The FDA Supports Research to Reduce Health Disparities
The U.S. Food and Drug Administration funds research that can help improve the understanding of health disparities among racial and ethnic minorities—and is committed to protecting the public health of all Americans.
Scientific researchers now are working on an important topic: how to reduce health disparities among racial and ethnic minorities. And they’re doing it by collaborating with the U.S. Food and Drug Administration.
Health disparities refer to differences in the health status of different groups of people. These differences may affect how often a disease occurs (frequency), how serious a disease is (severity), or how often a disease results in death (mortality) among certain groups.
Health disparities exist for many conditions, including HIV/AIDS, hepatitis, diabetes, cancer, and heart disease. Racial and ethnic minorities may be more likely to have these diseases or may be more likely to have serious effects from them.
“Some of these differences may be partly due to the circumstances in which people are born, grow up, live, work and age, as well as by their differences in access to healthcare,” says Jonca Bull, M.D., the FDA’s assistant commissioner for minority health. “But we also need to explore whether there is a biological basis for these differences, including how safe and effective a medical product might be in the individual. It’s another way to focus the lens on personalized medicine.”
So the Office of Minority Health (OMH) Research and Collaboration program is strengthening the FDA’s ability to identify and address these disparities in several key ways.
General Activities and Scientific Research
Since its creation in 2010, OMH has focused on addressing minority health issues and on promoting effective public communication. And because the FDA is part of the U.S. Department of Health and Human Services, the office also works on goals related to the department’s action plan (PDF 1 MB) for reducing health disparities.
“Each federal agency is unique and plays a role in understanding the complex causes of—and solutions for—health disparities,” explains Christine Merenda, M.P.H., R.N., manager of OMH’s intramural research program. “Our office focuses on the role of FDA-approved medical products such as drugs, biologics, and devices, including how these products can potentially close the health disparities gap.”
OMH funds various research projects that can help the FDA better understand health issues, such as diabetes and heart disease, that affect minority populations disproportionately. These projects also can help with the agency’s decision-making process when it reviews medical products.
Funded projects include the following:
- research at the University of Hawaii, Manoa, on the use of diabetes medication by Asians and Pacific Islanders living in that state;
- an examination of health disparities in HIV/AIDS in minority women conducted by Meharry Medical College;
- and research on Alzheimer’s Disease in African Americans and whether there are race-related differences in the disease’s biological markers.

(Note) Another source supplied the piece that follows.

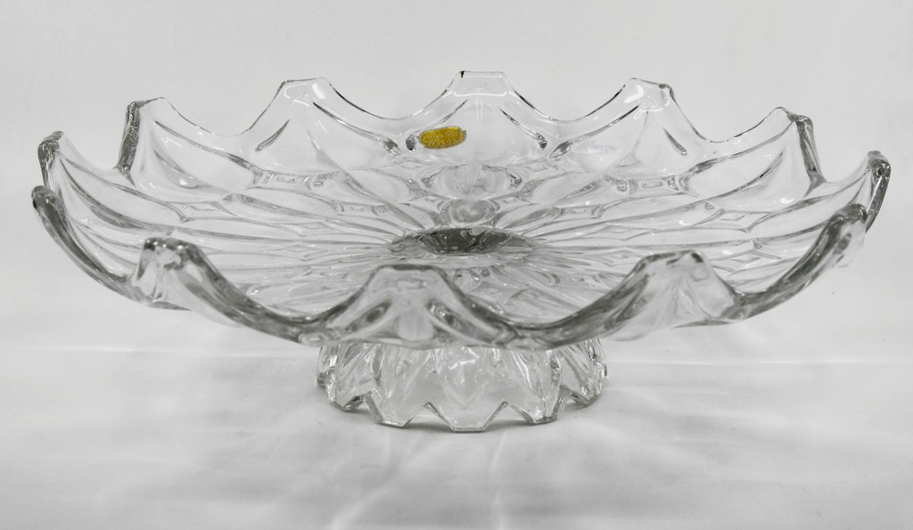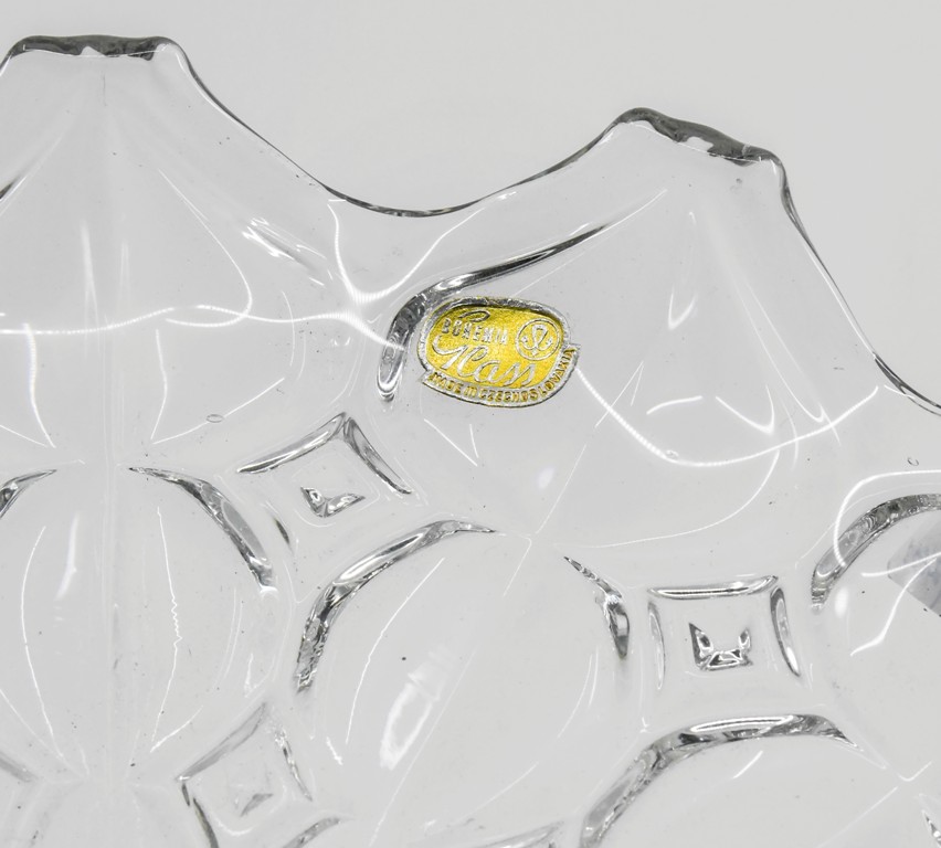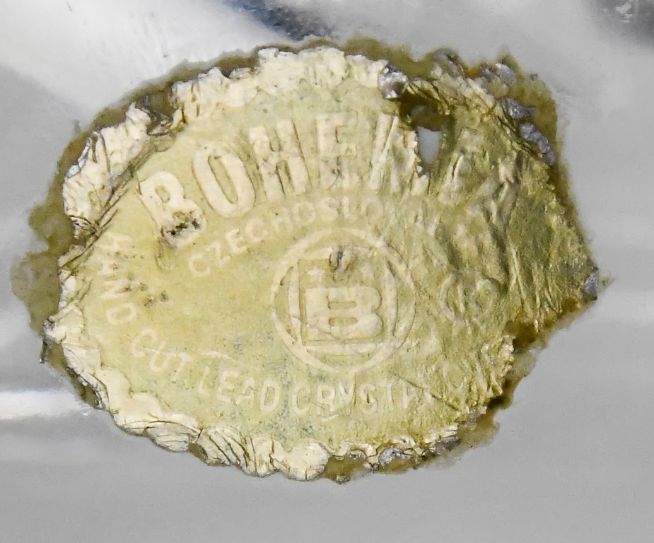 sklo křišťálové, čiré, bezbarvé, zdobené po obvodu geometrickým brusem, fragment papírového štítku Bohemia Czechoslovakia Hand Cut Lead Crystal, druhá polovina 20. století.

OMH also helps advance the education of students and their understanding of health disparities through fellowships and the FDA’s Pharmacy Student Experiential Program.
Because the FDA uses data from clinical trials (voluntary human research) to determine whether medical products are safe and effective, the Office of Minority Health also helps educate medical product developers on best practices to collect race and ethnicity data for these trials.
For instance, in October 2016, OMH published a guidance document, “Collection of Race and Ethnicity Data in Clinical Trials,” that provides recommendations for using a standardized approach for collecting and reporting race and ethnicity data in clinical trials for FDA-regulated medical products.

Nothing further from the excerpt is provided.